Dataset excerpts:
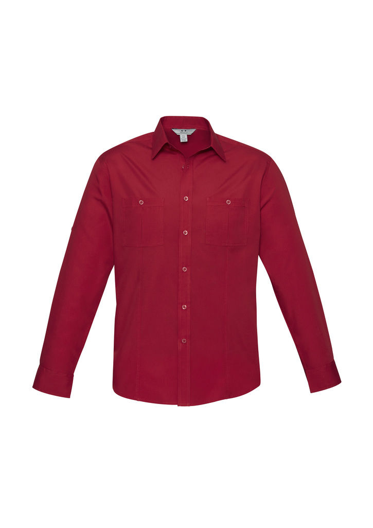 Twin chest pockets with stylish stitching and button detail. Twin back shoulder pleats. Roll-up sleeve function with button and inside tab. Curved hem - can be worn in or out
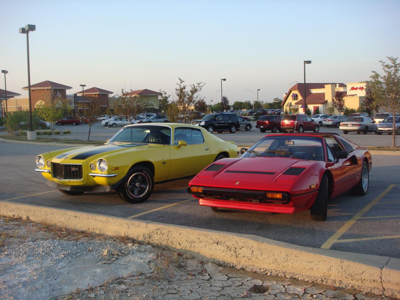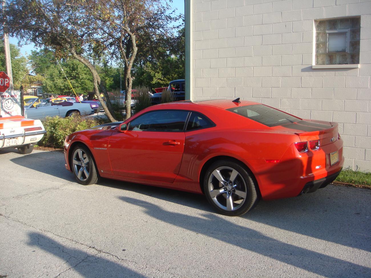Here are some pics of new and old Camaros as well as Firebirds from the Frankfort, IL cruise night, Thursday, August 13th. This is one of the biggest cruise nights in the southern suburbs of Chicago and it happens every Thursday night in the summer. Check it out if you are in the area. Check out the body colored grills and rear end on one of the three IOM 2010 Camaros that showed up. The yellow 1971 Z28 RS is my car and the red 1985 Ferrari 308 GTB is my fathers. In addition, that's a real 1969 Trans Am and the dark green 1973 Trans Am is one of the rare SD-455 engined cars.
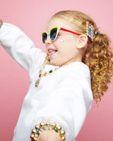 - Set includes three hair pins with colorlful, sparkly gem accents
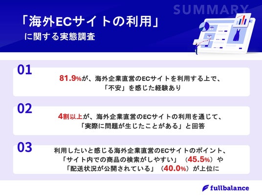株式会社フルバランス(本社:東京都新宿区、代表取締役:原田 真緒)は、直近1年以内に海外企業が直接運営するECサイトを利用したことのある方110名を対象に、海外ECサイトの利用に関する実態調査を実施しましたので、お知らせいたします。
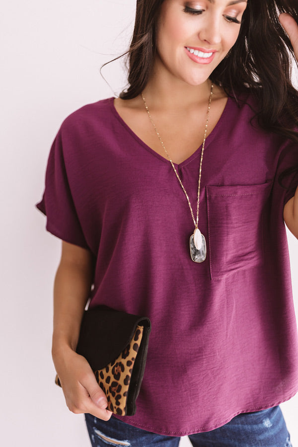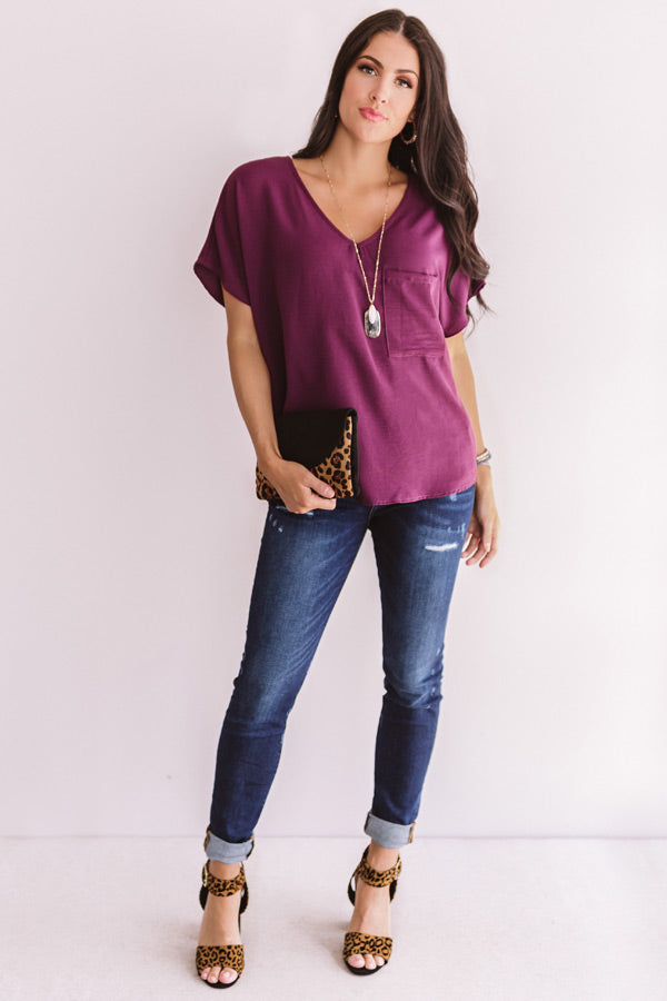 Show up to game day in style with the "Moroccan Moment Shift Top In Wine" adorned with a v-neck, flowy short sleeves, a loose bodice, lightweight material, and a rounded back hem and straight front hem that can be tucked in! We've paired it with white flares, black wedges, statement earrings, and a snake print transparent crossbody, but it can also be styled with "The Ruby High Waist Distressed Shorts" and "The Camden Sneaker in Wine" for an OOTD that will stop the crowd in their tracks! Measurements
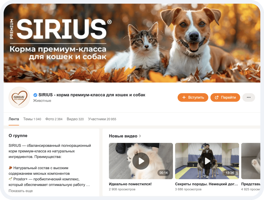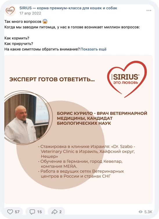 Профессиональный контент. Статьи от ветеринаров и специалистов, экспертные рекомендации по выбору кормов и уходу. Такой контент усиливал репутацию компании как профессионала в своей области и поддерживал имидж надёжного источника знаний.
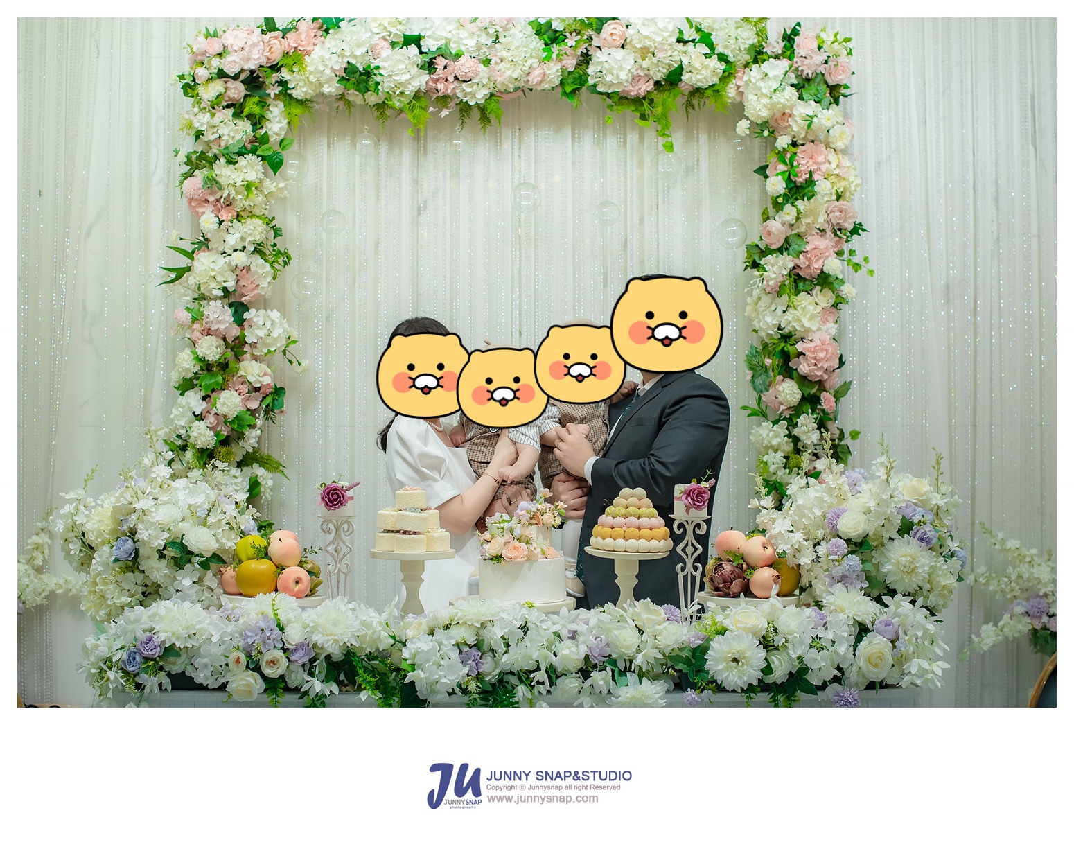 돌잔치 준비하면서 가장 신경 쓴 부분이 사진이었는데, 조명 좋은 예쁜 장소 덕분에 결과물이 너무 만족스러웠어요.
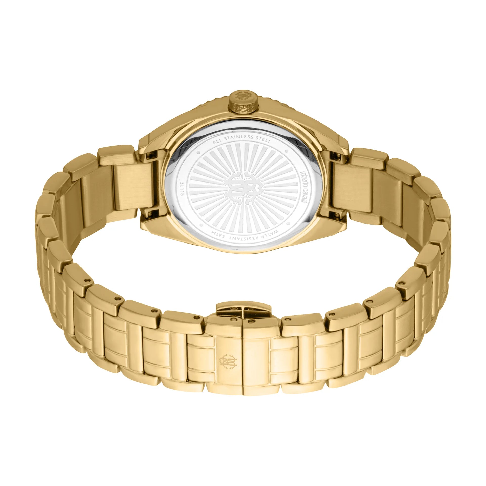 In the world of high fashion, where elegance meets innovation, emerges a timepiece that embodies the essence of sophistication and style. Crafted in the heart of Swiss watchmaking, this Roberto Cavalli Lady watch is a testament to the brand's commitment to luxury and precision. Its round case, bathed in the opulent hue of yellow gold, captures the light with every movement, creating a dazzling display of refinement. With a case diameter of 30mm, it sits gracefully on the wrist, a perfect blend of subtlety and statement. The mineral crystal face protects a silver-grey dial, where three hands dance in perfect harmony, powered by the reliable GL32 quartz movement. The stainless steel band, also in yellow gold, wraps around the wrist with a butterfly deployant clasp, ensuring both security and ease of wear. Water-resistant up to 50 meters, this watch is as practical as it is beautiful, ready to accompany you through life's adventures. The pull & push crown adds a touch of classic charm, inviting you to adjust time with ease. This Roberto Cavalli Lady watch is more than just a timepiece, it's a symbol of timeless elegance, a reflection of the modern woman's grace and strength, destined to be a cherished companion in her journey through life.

*TASK OBJECTIVE*
For every record above, repeat the text exactly and omit any picture.

*REPLY TO THE EXERCISE*
 Twin chest pockets with stylish stitching and button detail. Twin back shoulder pleats. Roll-up sleeve function with button and inside tab. Curved hem - can be worn in or out
Here are some pics of new and old Camaros as well as Firebirds from the Frankfort, IL cruise night, Thursday, August 13th. This is one of the biggest cruise nights in the southern suburbs of Chicago and it happens every Thursday night in the summer. Check it out if you are in the area. Check out the body colored grills and rear end on one of the three IOM 2010 Camaros that showed up. The yellow 1971 Z28 RS is my car and the red 1985 Ferrari 308 GTB is my fathers. In addition, that's a real 1969 Trans Am and the dark green 1973 Trans Am is one of the rare SD-455 engined cars.
 - Set includes three hair pins with colorlful, sparkly gem accents
株式会社フルバランス(本社:東京都新宿区、代表取締役:原田 真緒)は、直近1年以内に海外企業が直接運営するECサイトを利用したことのある方110名を対象に、海外ECサイトの利用に関する実態調査を実施しましたので、お知らせいたします。
 Show up to game day in style with the "Moroccan Moment Shift Top In Wine" adorned with a v-neck, flowy short sleeves, a loose bodice, lightweight material, and a rounded back hem and straight front hem that can be tucked in! We've paired it with white flares, black wedges, statement earrings, and a snake print transparent crossbody, but it can also be styled with "The Ruby High Waist Distressed Shorts" and "The Camden Sneaker in Wine" for an OOTD that will stop the crowd in their tracks! Measurements
 Профессиональный контент. Статьи от ветеринаров и специалистов, экспертные рекомендации по выбору кормов и уходу. Такой контент усиливал репутацию компании как профессионала в своей области и поддерживал имидж надёжного источника знаний.
 돌잔치 준비하면서 가장 신경 쓴 부분이 사진이었는데, 조명 좋은 예쁜 장소 덕분에 결과물이 너무 만족스러웠어요.
 In the world of high fashion, where elegance meets innovation, emerges a timepiece that embodies the essence of sophistication and style. Crafted in the heart of Swiss watchmaking, this Roberto Cavalli Lady watch is a testament to the brand's commitment to luxury and precision. Its round case, bathed in the opulent hue of yellow gold, captures the light with every movement, creating a dazzling display of refinement. With a case diameter of 30mm, it sits gracefully on the wrist, a perfect blend of subtlety and statement. The mineral crystal face protects a silver-grey dial, where three hands dance in perfect harmony, powered by the reliable GL32 quartz movement. The stainless steel band, also in yellow gold, wraps around the wrist with a butterfly deployant clasp, ensuring both security and ease of wear. Water-resistant up to 50 meters, this watch is as practical as it is beautiful, ready to accompany you through life's adventures. The pull & push crown adds a touch of classic charm, inviting you to adjust time with ease. This Roberto Cavalli Lady watch is more than just a timepiece, it's a symbol of timeless elegance, a reflection of the modern woman's grace and strength, destined to be a cherished companion in her journey through life.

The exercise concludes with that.